RECORDS FOR PROCESSING

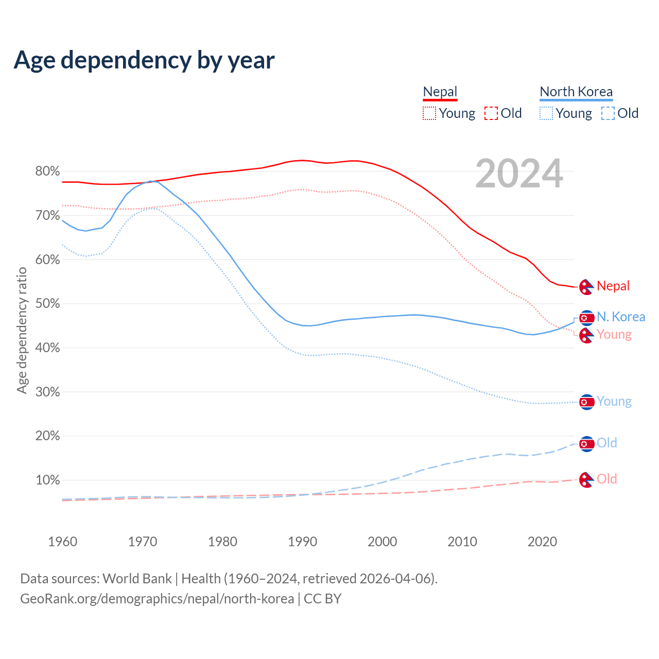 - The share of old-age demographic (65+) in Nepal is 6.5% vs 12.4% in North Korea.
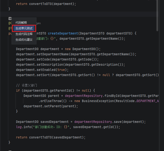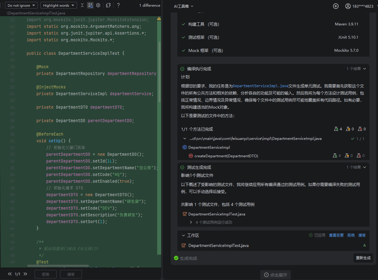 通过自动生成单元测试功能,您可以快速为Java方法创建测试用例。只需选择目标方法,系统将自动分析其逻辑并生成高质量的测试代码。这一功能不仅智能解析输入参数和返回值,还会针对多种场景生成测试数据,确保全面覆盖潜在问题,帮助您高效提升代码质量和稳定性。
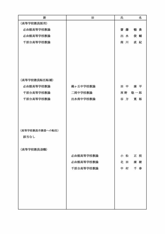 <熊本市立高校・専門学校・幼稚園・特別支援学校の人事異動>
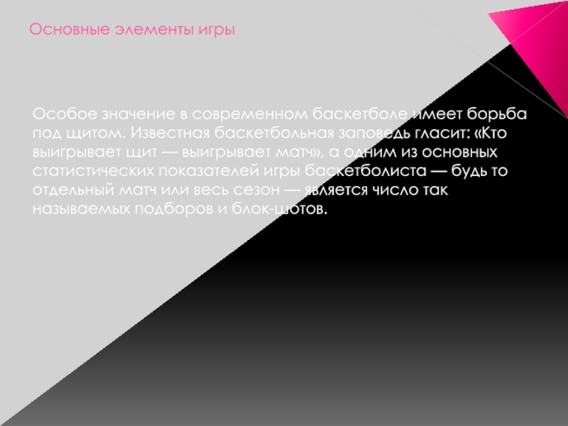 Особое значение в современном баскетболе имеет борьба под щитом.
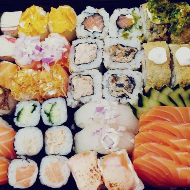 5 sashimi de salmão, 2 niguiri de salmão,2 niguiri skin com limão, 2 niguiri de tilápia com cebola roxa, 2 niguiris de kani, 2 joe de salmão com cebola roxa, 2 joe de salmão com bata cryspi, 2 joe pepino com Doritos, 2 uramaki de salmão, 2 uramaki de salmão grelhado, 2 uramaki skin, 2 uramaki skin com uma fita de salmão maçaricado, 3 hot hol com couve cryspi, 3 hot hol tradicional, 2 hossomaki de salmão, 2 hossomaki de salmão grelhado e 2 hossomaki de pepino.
...
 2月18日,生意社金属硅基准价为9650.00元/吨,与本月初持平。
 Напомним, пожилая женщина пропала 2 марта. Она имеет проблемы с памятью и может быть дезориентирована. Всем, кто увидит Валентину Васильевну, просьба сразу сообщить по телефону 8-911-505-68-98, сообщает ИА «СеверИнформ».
* * *
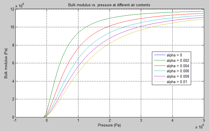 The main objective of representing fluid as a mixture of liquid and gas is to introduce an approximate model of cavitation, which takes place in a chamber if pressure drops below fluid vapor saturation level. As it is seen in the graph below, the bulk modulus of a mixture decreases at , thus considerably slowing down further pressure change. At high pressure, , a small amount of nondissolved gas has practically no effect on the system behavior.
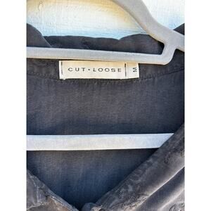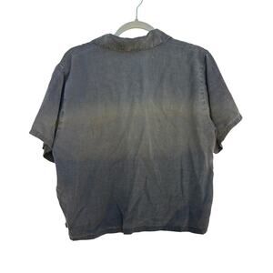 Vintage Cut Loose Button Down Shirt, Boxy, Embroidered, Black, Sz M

TASK PROMPT
In the data above, take the line with "- The share", the line with "Особое значение в", and every line between, and set them down exactly without pictures.

ANSWER BELOW
 - The share of old-age demographic (65+) in Nepal is 6.5% vs 12.4% in North Korea.
 通过自动生成单元测试功能,您可以快速为Java方法创建测试用例。只需选择目标方法,系统将自动分析其逻辑并生成高质量的测试代码。这一功能不仅智能解析输入参数和返回值,还会针对多种场景生成测试数据,确保全面覆盖潜在问题,帮助您高效提升代码质量和稳定性。
 <熊本市立高校・専門学校・幼稚園・特別支援学校の人事異動>
 Особое значение в современном баскетболе имеет борьба под щитом.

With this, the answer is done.